WLUC-TV (channel 6) is a television station licensed to Marquette, Michigan, United States, serving the Central and Western Upper Peninsula of Michigan as an affiliate of NBC and Fox. Owned by Gray Media, the station has studios on US 41/M-28 in Negaunee Township, and its transmitter is located on South Helen Lake Road in Republic Township southeast of unincorporated Republic.

WLUC is relayed on translator station W14EM-D channel 14 (also mapped to virtual channel 6) from the top of the Landmark Inn in Marquette in order to extend its primary signal; the translator is used for areas of Marquette that get a poor reception from the station's main transmitter.

==History==
Channel 6 signed on April 28, 1956, as WDMJ-TV, the Upper Peninsula's first television station. The station carried programming from all three networks offered at that time, but was a primary CBS affiliate. WDMJ-TV was owned by the Daily Mining Journal along with WDMJ radio (1320 AM). Its studios were on the top floor of the Mining Journal building on Washington Street in Downtown Marquette. The station quickly outgrew its facilities. In 1959, the station moved into its current studios in Negaunee Township. In 1964, it was sold to Post Corporation, owners of WLUK-TV in Green Bay, Wisconsin, who changed the calls to WLUC-TV to match its moniker at the time "Lucky 6". Channel 6 first aired network programs in color in 1963, and with the purchase of color video tape equipment, it began broadcasting all locally produced programs in color in 1969. The station moved its transmitter to southeast of Republic in 1980 and dismantled the original one near the Negaunee studios.

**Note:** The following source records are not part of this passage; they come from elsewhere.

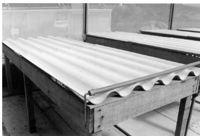
Figura 1. Plataforma em telha de fibrocimento.

O sistema baseia-se em uma plataforma constituída de telhas de fibrocimento, assentadas sobre suportes de madeira (basicamente esteios cravados no solo, ligados por caibros ou longarinas), que conferem à estrutura uma declividade de 4% (Figura 1). As telhas com largura padrão de 1,10 cm, e comprimento adequado a estrutura a ser montada, apresentam canais de 6 cm de altura e espaçados de 18 cm (distância entre dois pontos médios).
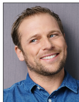
offener Mund, Kopf geneigt
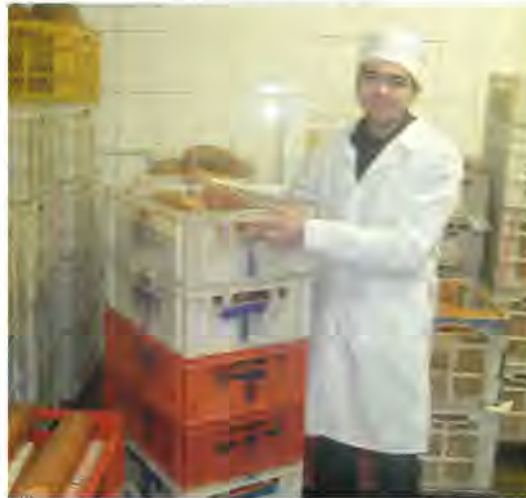
Виробнича практика студентів на Чугуївському м'ясокомбінаті Харківської області
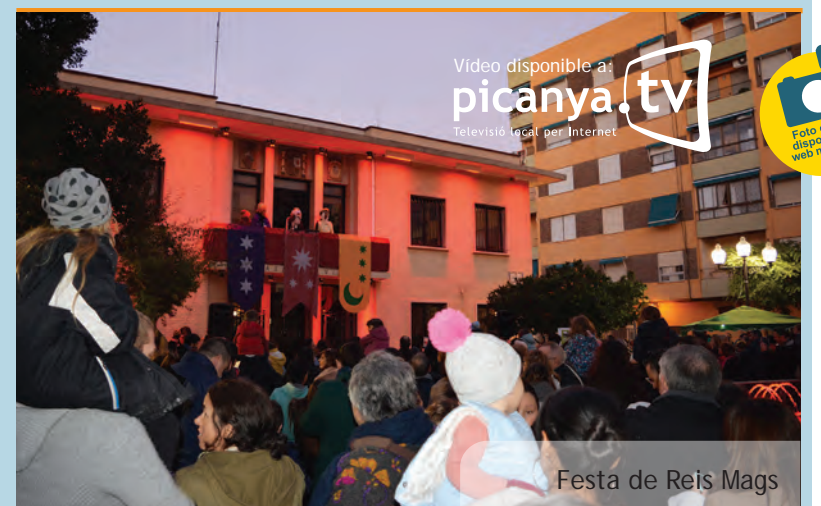
Festa de Reis Mags

L'himne de la Comunitat Valenciana posà el punt i final a esta Exaltació marcada per l'emoció i la intensitat pròpies dels actes fallers i que obri la porta a les Falles de Picanya 2019.
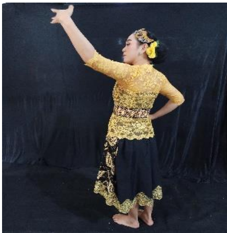
Gambar 6. Sawang Ajeg

Gerakan ini mengandung makna dalam menggambarkan bentuk saling menghargai dengan anggota masyarakat lain. Artinya setiap manusia membutuhkan manusia lainnya oleh karena itu menghargai setaip keputusan dan mampu bersosialisasi dengan masyarakat lainnya. Gerakan ini menyimbolkan saling menghormati dan menghargai. Deskripsi gerak Posisi badan bungkuk dengan kedua tangan disamping dan kaki yang menutup.
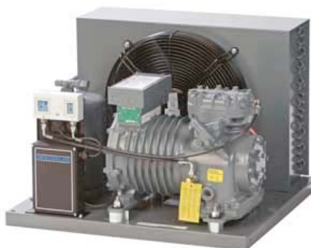
Полугерметичный компрессорно-конденсаторный агрегат DK/DL

Данная серия компрессорно-конденсаторных агрегатов оборудована одним или двумя вентиляторами, что обеспечивает значительную компактность. Обширный модельный ряд позволяет выбрать устройство для большинства сфер применения, в том числе для эксплуатации в экстремальных условиях, например, при высоких температурах кипения и высоких температурах окружающей среды.
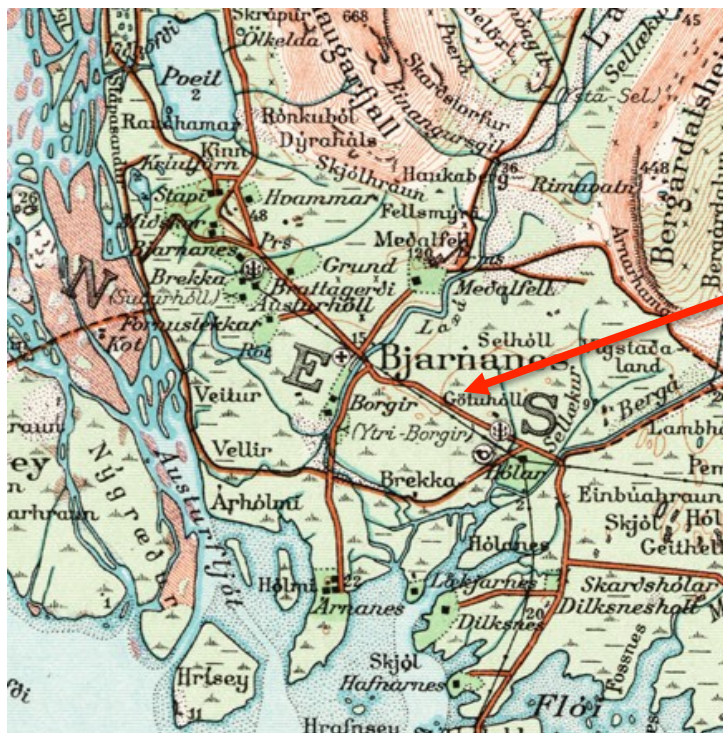
Legu þjóðvegjar frá 1913
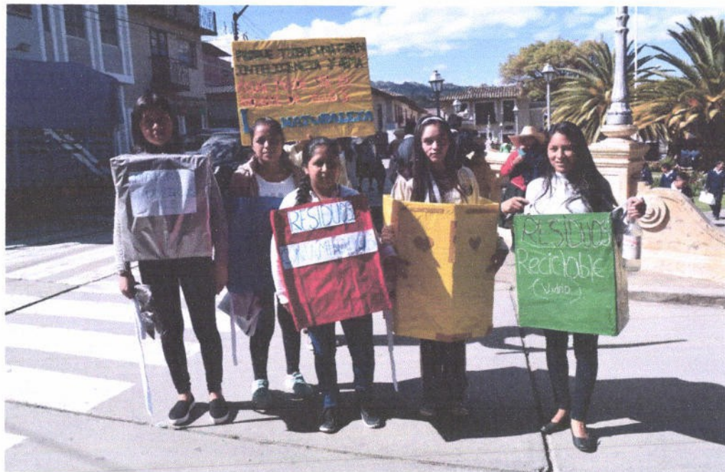
Figura 8. Concurso de pancartas por el Día Mundial del Medio Ambiente
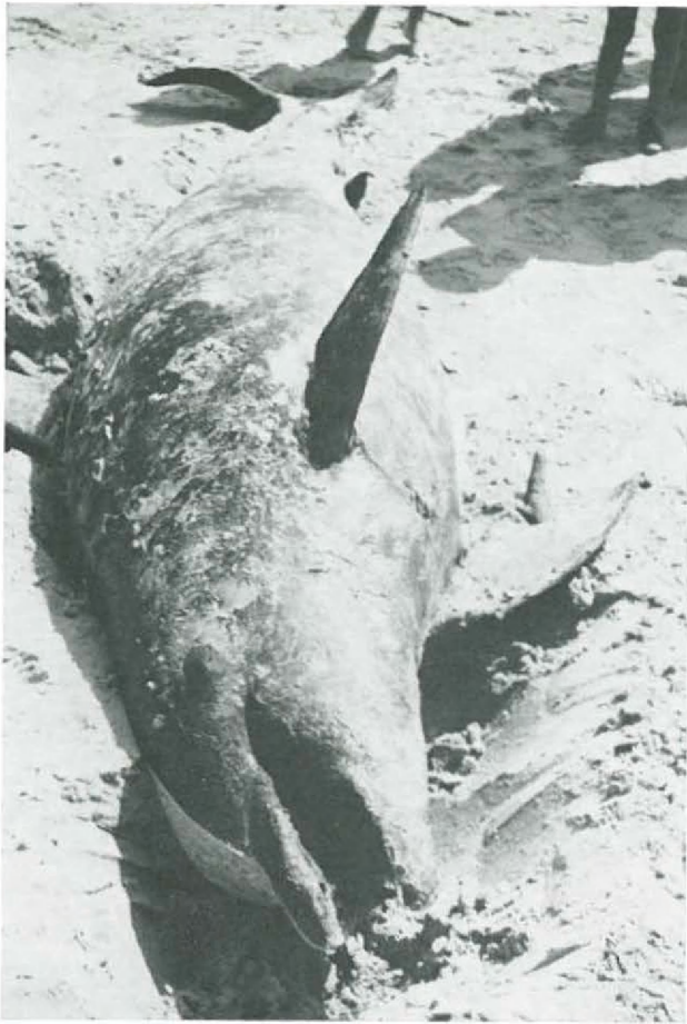
Fig. 1. — Tursiops truncatus truncatus (MONTAGU) Wenduine, 10-VI-1963.
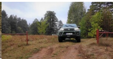
Granica polsko-białoruska pod stałą obserwacją
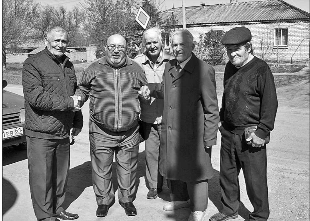
● Коммунисты уверены: проект «Донское мясо» — это пиар; больших стад теперь в Заветинском районе нет.

Алексей ХОРОШИЛОВ. (Соб. корр. «Правды».) с. Заветное, Ростовская область.
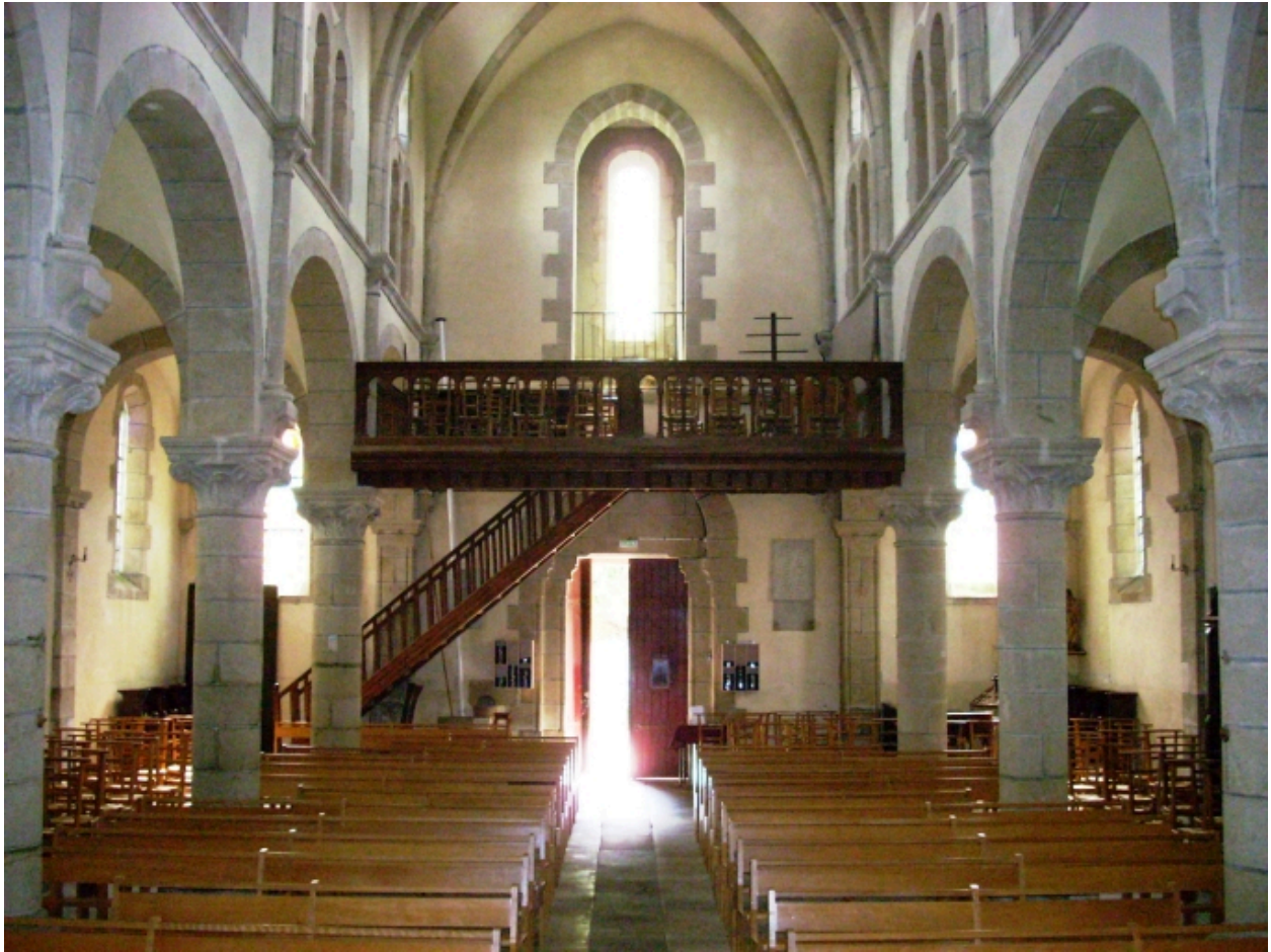
Eglise paroissiale Saint-Thénéan : vue axiale ouest

WLUC has been affected several times by television shakeups in Green Bay, since rival station WJMN-TV (channel 3) in Escanaba was formerly a semi-satellite of Green Bay-based WFRV-TV. For example, it dropped NBC programming in 1969 when WJMN signed on. In 1983, when WJMN-TV (along with parent station WFRV-TV) switched from NBC to ABC, WLUC took a secondary NBC affiliation. When CBS bought WFRV in 1992 and switched it from ABC, WLUC became a primary ABC station with secondary NBC affiliation. It became solely NBC in 1995 when WLUK and WGBA-TV exchanged affiliations. As a result, it is one of the few stations in the country to have been with all of the big three networks. WLUC also carried some Fox programs in the early 1990s before WLUK switched to the network.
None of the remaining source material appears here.